Father of the internet Vint Cerf is retiring from Google
83-year-old Cerf is famous for the development of the Transmission Control Protocol/Internet Protocol (TCP/IP) protocol along with Robert Kahn back in the 70s
Vint Cerf, widely credited as the father of the internet, will step down next week from his role as Google's chief internet evangelist, ending a run of more than 20 years at the company.
The news broke not through a Google statement but during a panel at the Open Frontier conference, hosted by the Laude Institute. Dave Patterson, the UC Berkeley professor who co-designed Reduced Instruction Set Computer (RISC) processor architecture, noted that Cerf, who had been with Google since 2005, was retiring “a week from today".
But 83-year-old Cerf is more famous for the development of the TCP/IP protocol along with Robert Kahn back in the 70s.
For which he has won the Presidential Medal of Freedom and the Turing Award, the most prestigious award in computing, among others over the past half-century.
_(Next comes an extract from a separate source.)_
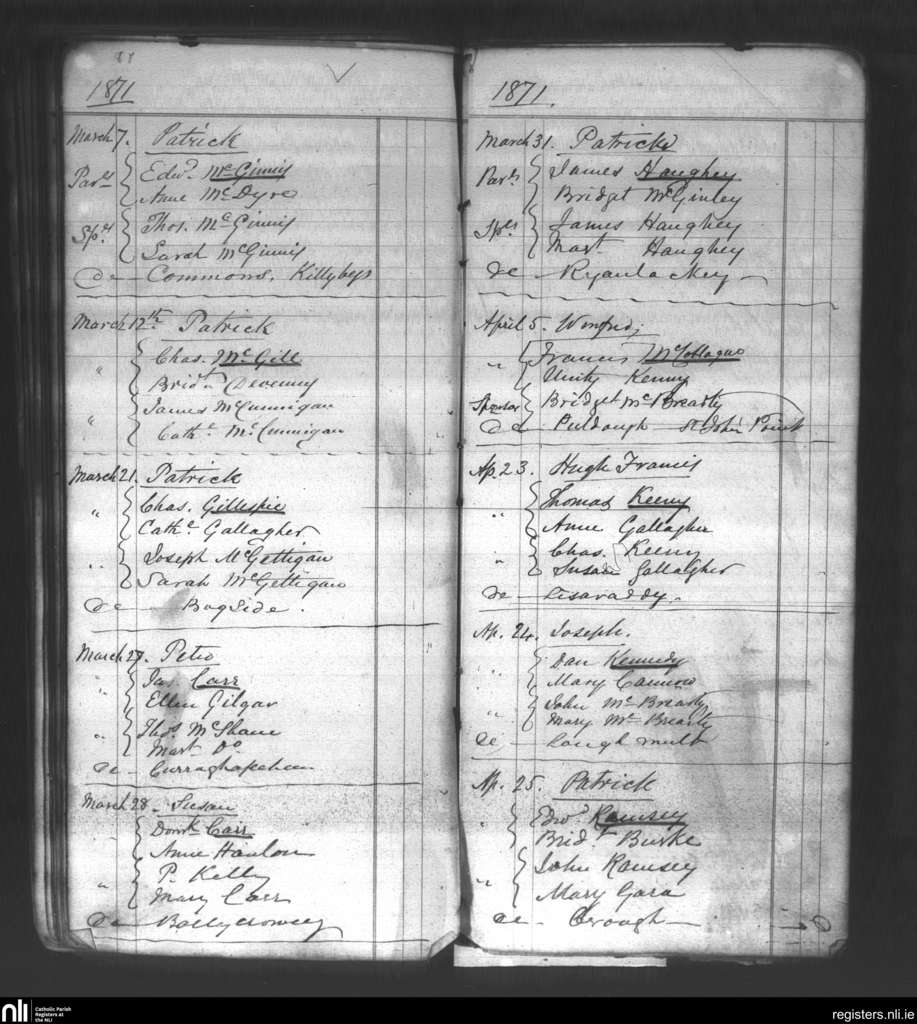 Killaghtee; County of Donegal; Diocese of Raphoe. Baptisms, Mar. 1871 to Apr. 1871

Some of Cerf’s time on the panel was devoted to the claim that, at some point, AI agents created by competing firms will have to rely upon technical protocols rather than using natural language to communicate with one another.
Cerf claimed that natural language was not precise enough for AI to use when dealing with sophisticated or important issues, much like how the game of “telephone” distorts a message every time it gets passed along.
His fellow panellists believed that agents powered by large language models could just speak in natural language; Cerf disagreed, claiming that more precise protocols would be needed.
The moderator of the panel concluded by reminiscing about how he first met Cerf as a graduate student in the 1970s, claiming he was "the best-dressed computer scientist" he had ever seen. Cerf replied with laughter, stating that he wore a shirt, tie, and vest and that he liked to dress formally in order to stand out from the crowd.